At this point, the Department of the Environment isn’t ready to say much. When I asked for specifics on the draft’s short-term action items, 28 of which were scheduled for completion by 2022, I received this response from Policy and Communications Director Joseph Sweiss:

I can’t comment more specifically on action items in the Plan because it’s still going through a draft and review phase- as it shapes up more firmly in the coming weeks we can reach out to discuss the action items in more detail. As mentioned, some action items have already been codified or accomplished ahead of schedule, such as banning natural gas in new construction and our accelerated carbon neutral goals. You’re also correct in noticing that action items to be completed in 2022 will likely be pushed back in the final Plan due to the pandemic.

That final sentence gave me a resurgence of anxiety regarding one of the cruelest ironies of climate change; that its resulting societal disruptions could severely limit our ability to stave off its worst effects.

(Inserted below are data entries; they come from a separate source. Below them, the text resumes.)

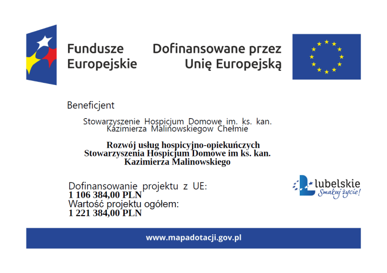 Stowarzyszenie Hospicjum Domowe im. ks. kan. Kazimierza Malinowskiego w Chełmie zrzesza ludzi dobrej woli, pragnących nieść pomoc ludziom chorym, znajdującym się w terminalnej fazie choroby – głównie nowotworowej – oraz ich rodzinom.
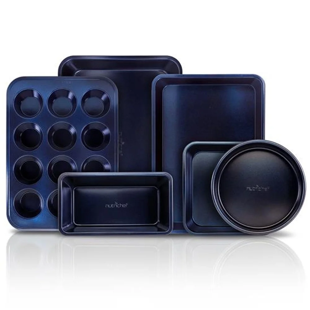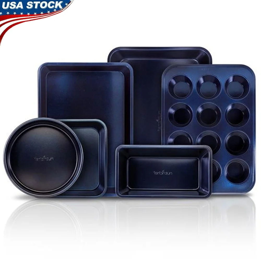 Whip up perfectly browned muffins, cakes, cookies, bread loaves, brownies, and more with the 6 Piece Non Stick Kitchen Oven Carbon Steel Baking Pans. This set of kitchen baking essentials includes a muffin pan, a round cake pan, a loaf pan, a cookie sheet, a square baking pan, and a wide baking pan. Each piece is crafted from thick carbon steel and features a dazzling blue diamond finish. A non-stick coating and dishwasher-safe design makes clean-up a breeze. The set is oven-safe up to 446 degrees, perfect for baking browned chicken breast and pork chops as well as souffles. The baking pan set is FDA-approved for commercial use and is free of lead, PFOA, PFOS, and PTFE, making them safe for all food applications in any kitchen. Keep your home filled with freshly baked goods thanks to the 6 Piece Non Stick Kitchen Oven Carbon Steel Baking Pans.
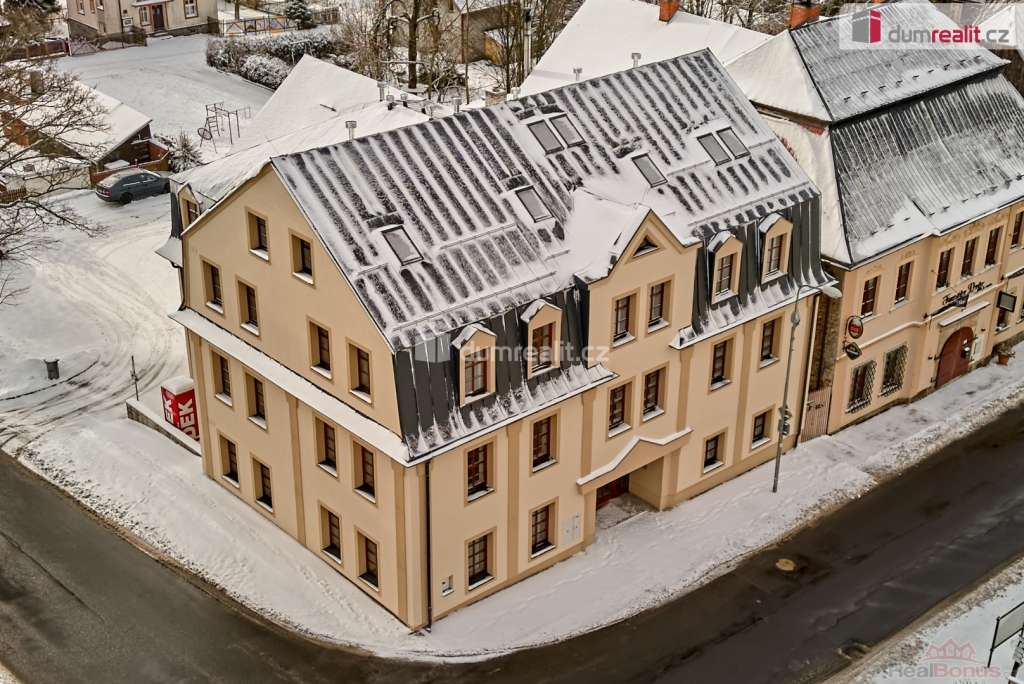 , Dumrealit.cz Vám zprostředkuje prodej apartmánů na náměstí Sv. Vavřince v Horní Blatné, které se nachází v blízkosti několika lyžařských areálů jako je Plešivec, Potůčky nebo Klínovec. Apartmán číslo 12. se nachází v podkrovní části domu a je o velikosti 51,2 m s orientací do tří stran včetně výhledu na náměstí a kostel Sv.Vavřince. Dispozice bytu 2+KK. Všechny apartmány jsou vybaveny sanitární keramikou v koupelnách, sprchovým koutem Walk-in, podlahovou krytinou a to v kombinaci velkoformátové dlažby a plovoucí podlahy v dekoru dřeva, obložkami, interiérovými a vstupními dveřmi a kompletní přípravou na osazení kuchyňské linky. Ke každému apartmánu patří jedno soukromé parkovací místo hned u domu a jedna sklepní kóje, vše je již započítáno v uvedené ceně. Součástí jsou také nádherné společné prostory a to včetně sklepního prostoru s možností posezení. Vytápění apartmánů je elektrické s dálkovým ovládáním s připojením na Wi-Fi. V apartmánovém domě se nachází 12 jednotek od 1+KK až po 3+KK různých podlahových výměr. Několik apartmánů je již prodáno. Izolant obvodových stěn 16-18cm polystyrenové dílce a 28cm minerální vlna v podkrovní části domu. Nemovitost se nachází přímo na náměstí s výhledem na hory a kostel Sv. Vavřince. Koupě apartmánu je ideální také jako investice, kdy jsou Krušné hory celoročně navštěvovány turisty a Horní Blatná patří svým umístěním mezi nejvíce vyhledávané. V blízkosti apartmánu se nachází Blatenský vrch, Vlčí jámy a mnoho turistických a cyklo tras. Nemovitost s možností odpočtu DPH z uvedené kupní ceny. Doporučuji nezávaznou prohlídku objektu s možností vybrat si právě ten VÁŠ apartmán. Ev. číslo: 650390. Energetický štítek: F
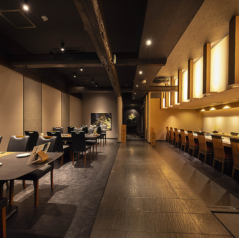 カウンター席は、落ち着いた照明に包まれた洗練された空間です。職人の技を目の前で楽しめる特別な席で、臨場感あふれる料理の様子が魅力♪木の温もりとシンプルなデザインが心地よい雰囲気を醸し出し、リラックスしたひとときをお過ごしいただけます。おひとり様はもちろん、大切な方との特別なお食事にもぴったりです。
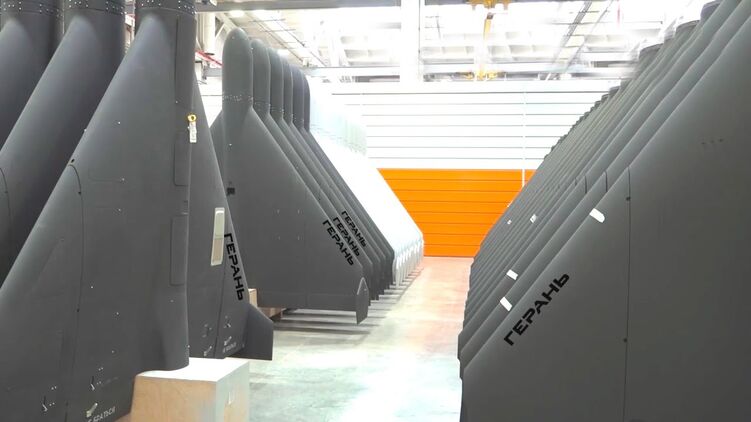 "Одно время планировалось выпустить несколько тысяч "Гераней". Сейчас мы производим в девять раз больше, чем планировалось изначально", - говорят в российском сюжете об этом заводе. После почти трех лет работы как иранской франшизы предприятие теперь полностью перешло к локализованному производству.
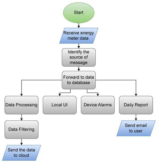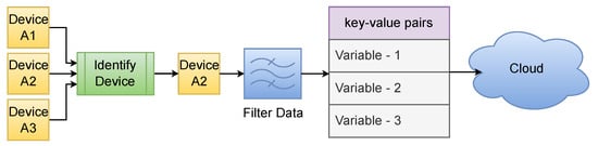 As IoT systems generate and send enormous amounts of data to the cloud, the cost of cloud-backed storage services rises exponentially. In this research, to reduce the number of devices from the cloud, we use a data processing feature at the edge to filter the required data before them it to the cloud by identifying the desired wireless energy metering device and selecting only the essential key-value time series data pairs. Although the edge receives more than 30 energy variables for each meter and then saves them in the local database server, it only sends the wireless meter data with variables mentioned in Table 3. This approach enables the user to monitor the desired data remotely by saving the cost of cloud services. Figure 7 shows the software approach for filtering data at the edge.
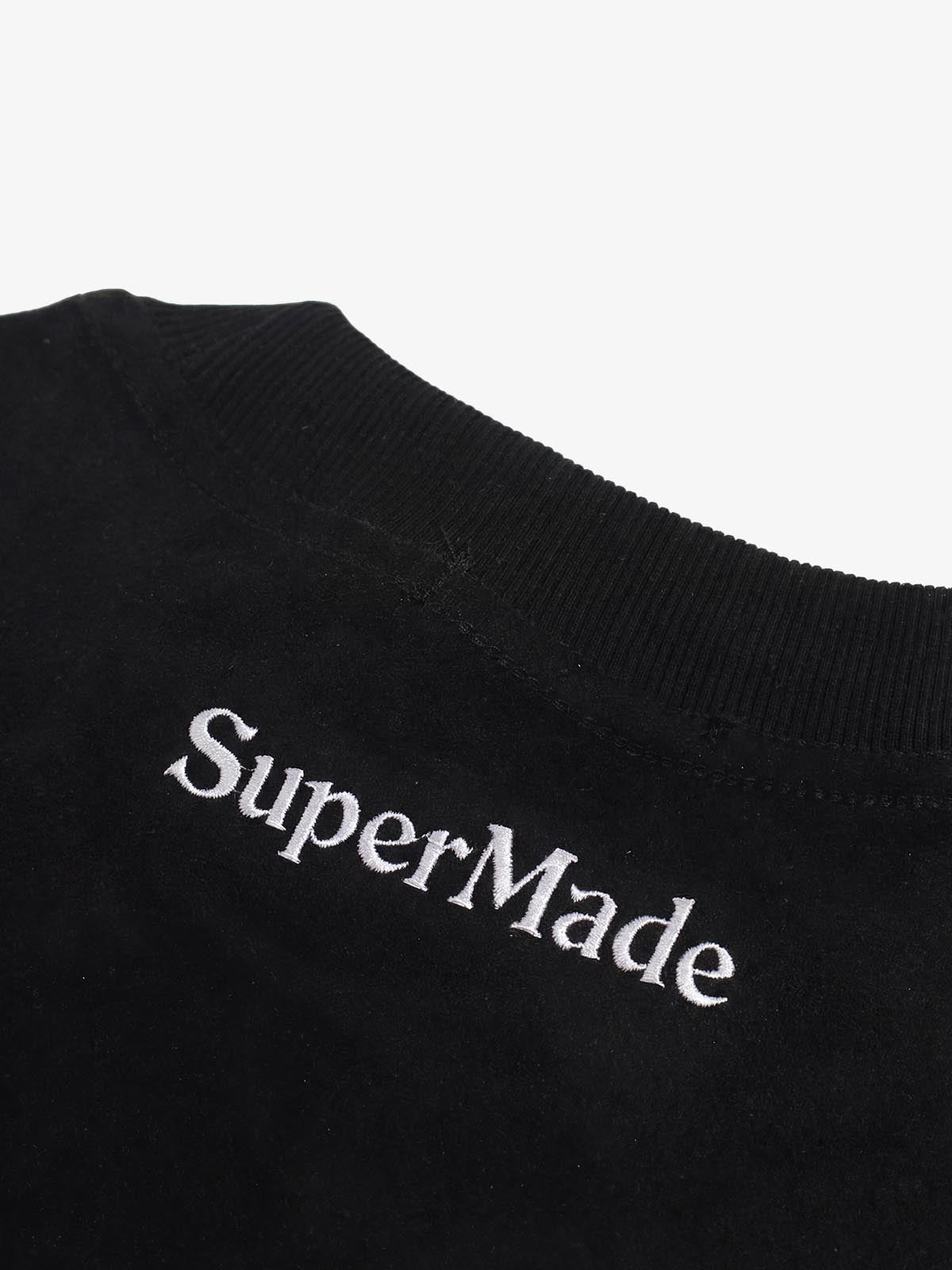 Crafted from suede fabric, this short-sleeve tee features a relaxed fit with a soft, substantial feel that exudes understated luxury. The color-blocked panel design enhances dimensionality, while embroidered logo details on both sides add depth and texture. Designed for creating refined streetwear looks with a unique tactile experience.

AR6 plainly states that if we want to avoid anything resembling a nightmare scenario, we need to act now. It also explicitly states that the frequency of disruptive natural disasters, such as wildfires, major storms, and pandemics will likely increase in the coming decades.

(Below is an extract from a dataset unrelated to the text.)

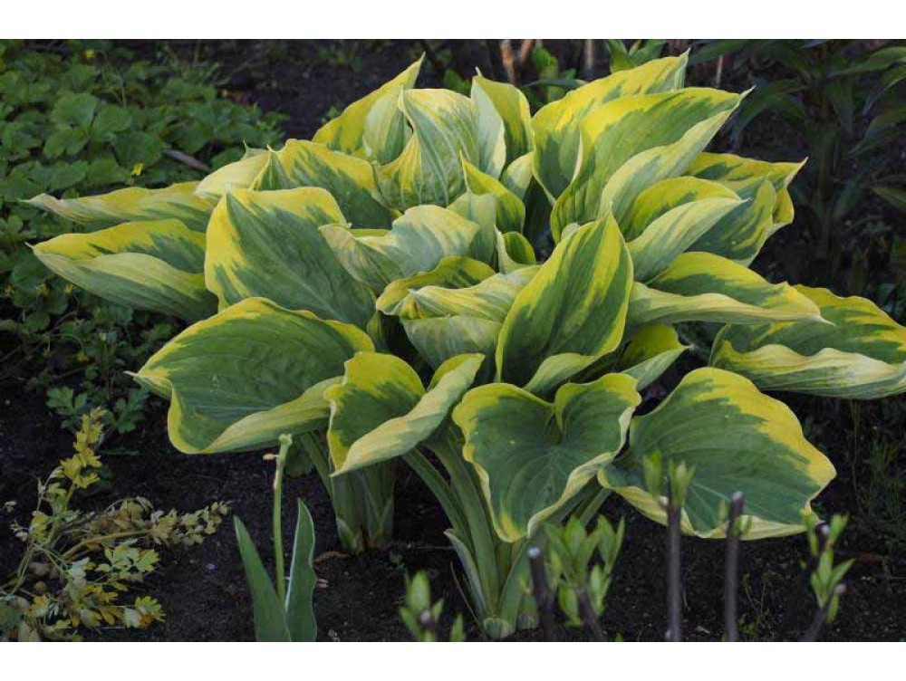Wieloletnia bylina o ozdobnych liściach. Odmiana osiągająca ok. 90 cm wysokości i mniej więcej taką samą wysokość. Główną ozdobą rośliny są duże, sercowate, oliwkowozielone liście ze złocistym brzegiem zajmującym znaczną część liścia. W lipcu i sierpniu pojawiają się kwiaty skupione w kwiatostany na długich, prostych łodygach. Kwiaty mają dzwonkowaty kształt, są lawendowe. Odmiana polecana do nasadzeń grupowych, jako roślina okrywowa, do obsadzania miejsc zacienionych (np. pod dużymi krzewami i drzewami), na rabaty, a także do tworzenia kompozycji naturalistycznych. Zaleca się sadzenie w grupie po 2-3 sadzonki. Gęstość sadzenia: 2-3 szt./m2.
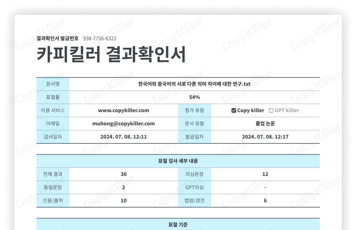 표절 여부를 증명할수 있는 국내 유일 표절검사 서비스입니다.

Let me be absolutely clear. There is no evidence that this most recent pandemic is climate-related, and working through COVID has been hard for everyone. However, we simply cannot afford to have the impacts of climate change reduce our ability to combat it.

It’s all well and good to set accelerated carbon neutral goals, but we’re not going to achieve them by pushing the deadlines for two dozen other necessary steps. The French writer Antoine de Saint-Exupéry once said “A goal without a plan is just a wish.” I would have followed with “A plan without action is just bullshit, and the excuses that come after are just politics.”

Yes, climate change presents a serious existential problem for both our world and our city. It also provides an unprecedented opportunity for radical societal change in the positive (or negative) direction.

 Let’s create our own future, and let’s make it a better one. I’ll say it again, the future of our world’s climate is far too important to leave in the hands of climate scientists and politicians. We should all read the city’s new Climate Action Plan in detail when it comes out, and hold our elected officials accountable to it at the ballot box.

Michael Redmond is an environmental science student at UC Santa Cruz.